R/oldImportRawFlux.R

#' @title Flux data import function. Also has options to pre-process data inputs.
#'
#' @description
#'
#' Deprecated June 5th. Won't work for analysis using versions > 0.2.3.
#'
#' Imports flux data from multiple files, processes according to optional input
#' parameters, and ouputs an R object according to additional optional
#' parameters.
#'
#' See 'details' for detailed notes on parameter use, supported file and
#' datatypes, and function operation.
#'
#' @param metadata.file     A .csv of metadata. See \link{MetaDataImport}
#'                          for details.
#'
#' @param file              List of single-length characters OR matrix.

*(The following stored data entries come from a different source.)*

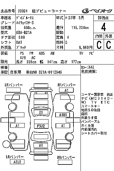 Аукцион BAYAUC Дата аукциона 25.02.2026 Год2015 Тип кузоваХэтчбек Номер кузоваB21A Объем660 сс Трансмиссия DAT Привод FF,FULLTIME4WD Пробег 117 000 км Цветчерный Оценка4
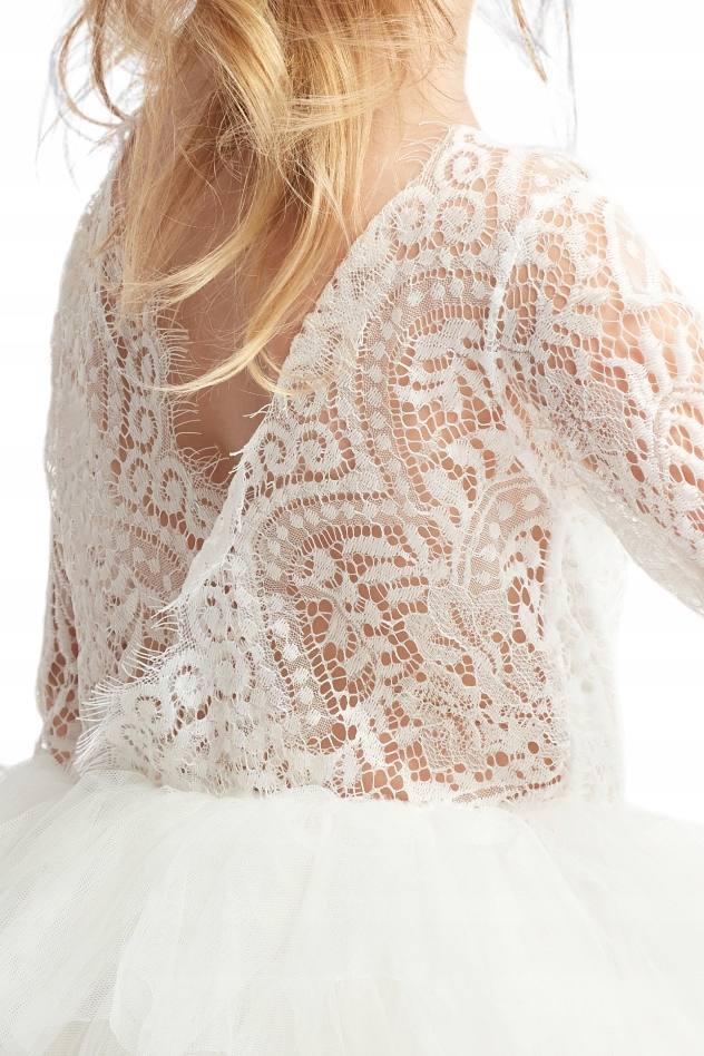 Гарне, ошатне урочисте плаття для дитини дев'яти років. Це біле плаття ангела з тюлевими воланами ідеально підходить для особливих випадків. Його ангельський виріз на спині додає шарму, підкреслюючи красу вашої дитини.
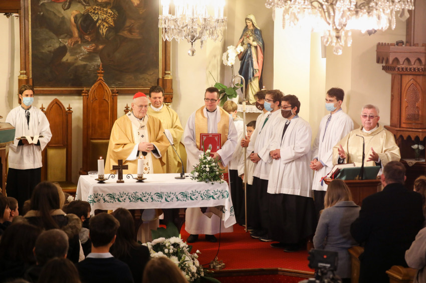 A legkisebbek virágcsokorral köszönték meg Erdő Péter bíborosnak, hogy hozzájuk látogatott.
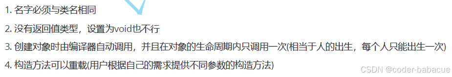 构造方法(也称为构造器)是一个特殊的成员方法,名字必须与类名相同并且不能有返回值,在创建对象时,由编译器自动调用,并且在整个对象的生命周期内只调用一次。
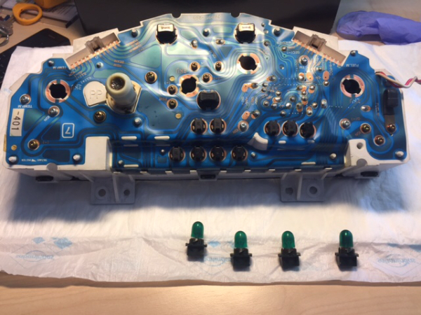 El kit lo pedí con LEDs para cambiar la iluminación del cuadro, espero que sean luces estables, porque a otro coche al que se las cambie, a veces se apagan y encienden solas.
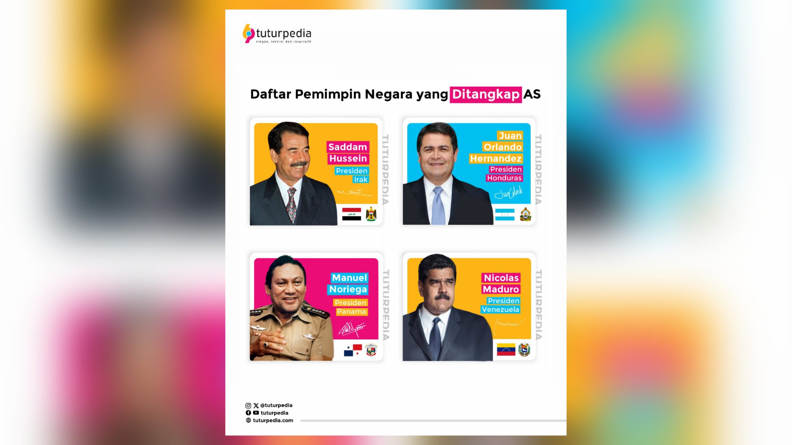 Tuturpedia.com — Amerika Serikat tercatat beberapa kali melakukan penangkapan terhadap pemimpin negara asing dalam berbagai operasi militer dan penegakan hukum lintas negara. Sepanjang beberapa dekade terakhir, setidaknya empat kepala negara pernah ditangkap langsung oleh otoritas AS atau dengan keterlibatan dominan Washington. Penangkapan tersebut berlangsung dalam konteks dan latar belakang yang berbeda, mulai dari invasi militer hingga operasi keamanan internasional.
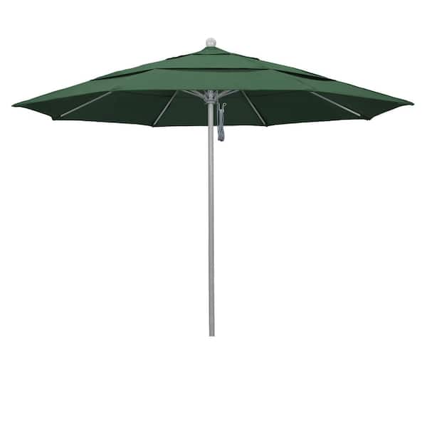11 ft. Gray Woodgrain Aluminum Commercial Market Patio Umbrella Fiberglass Ribs and Pulley Lift in Hunter Green Olefin

#'                          See 'details'.
#'
#' @param filetype          Single-length Character.
#'                          Type of file to be imported. Defaults to 'campbell'
#'
#' @param time.format       Time format for conversion to POSIXlt.
#'
#' @param datatype          Single-length Character.

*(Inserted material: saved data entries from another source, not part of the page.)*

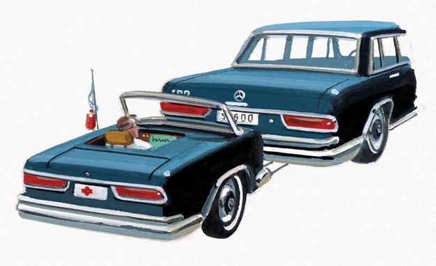 The Mercedes 600 Pullman stinted on nothing in behalf of its occupants’ well-being, towing a two-wheeled trailer, or Krankenanhänger, complete with an onboard surgeon, blood-transfusion equipment, a heart monitor, an X-ray machine and – typically thoughtful flourish – a Mercedes-quality cremation urn. A replacement Mercedes 600 Pullman, following 100 meters behind, in turn pulls its own Krankenanhänger, which carries a pretty nurse.
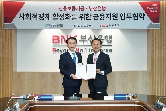 BNK부산은행과 신용보증기금(신보)이 29일 오후 부산은행 본점에서 ‘사회적 경제기업 활성화를 위한 금융지원 업무협약’을 체결했다고 밝혔다.
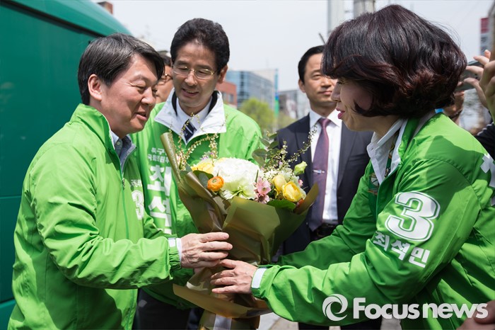 (대구=포커스뉴스) 안철수 국민의당 상임공동대표가 6일 오후 대구광역시 북구 경북대학교 앞에서 최석민 대구 북구갑 후보 아내에게 꽃다발을 받고 있다.
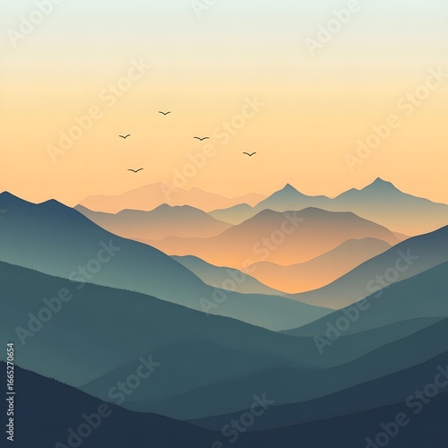 sunset, mountain, landscape, peak, range, blue, orange, sky, horizon, serene, calm, peaceful, tranquil, nature, scenic, view, vista, bird, flying, silhouette, layer, hill, vale, dawn, evening, golden hour, mountain chain, beautiful, majestic, awesome, breathtaking, amazing, art, illustration, graphic, design, background, wallpaper, poster, print, minimal, abstract
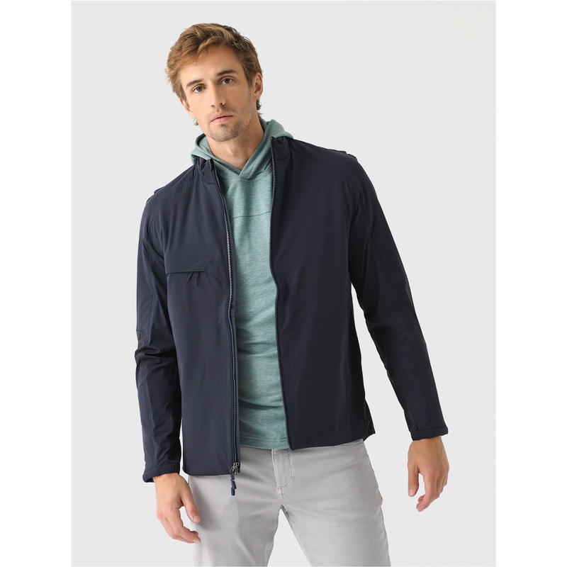 DESCRIPTION:A water-resistant jacket with a packable hood, pockets, and two-way zip closure.FEATURES:Packable HoodZip Chest PocketSide PocketsTwo-Way Zip ClosureWater-Repellent Finish85% Nylon, 15% SpandexClassic FitModel is wearing size Medium jacket.Mode

#'                          Type of data being imported. Defaults to "voltages"
#'
#' @param minimum.interval  Smallest time interval allowed in an import file,
#'                          used to drop junk downloads. Defaults to 2 hours.
#'
#' @details
#' \code{file}:
#'
#'      A list of filenames, in the current working directory. Alternatively,
#'      a dataframe present in the current global environment. Timestamp vector
#'      must be present in each file, and must be the only non-numeric
#'      column. If not the first column, input is requested to reformat.
#'
#'      The default, \code{"all"}, will search the current working directory
#'      for all files that have supported file extensions
#'      (.txt, .csv, and .dat) and import all appropriate files. While useful
#'      for bulk file input, it's recommended to list the files out
#'      individually if there are not too many to help sanitize data inputs.
#'
#' \code{filetype}: Defaults to "csv".
#'
#'      Campbell's .dat and .csv files often have a header or leading rows
#'      that make import difficult using R's normal import functions, and
#'      this function should deal with those idiosyncrasies appropriately.
#'
#' \code{time.format}:
#'
#'      "%Y-%m-%d %H:%M:%S" is the default timestamp format.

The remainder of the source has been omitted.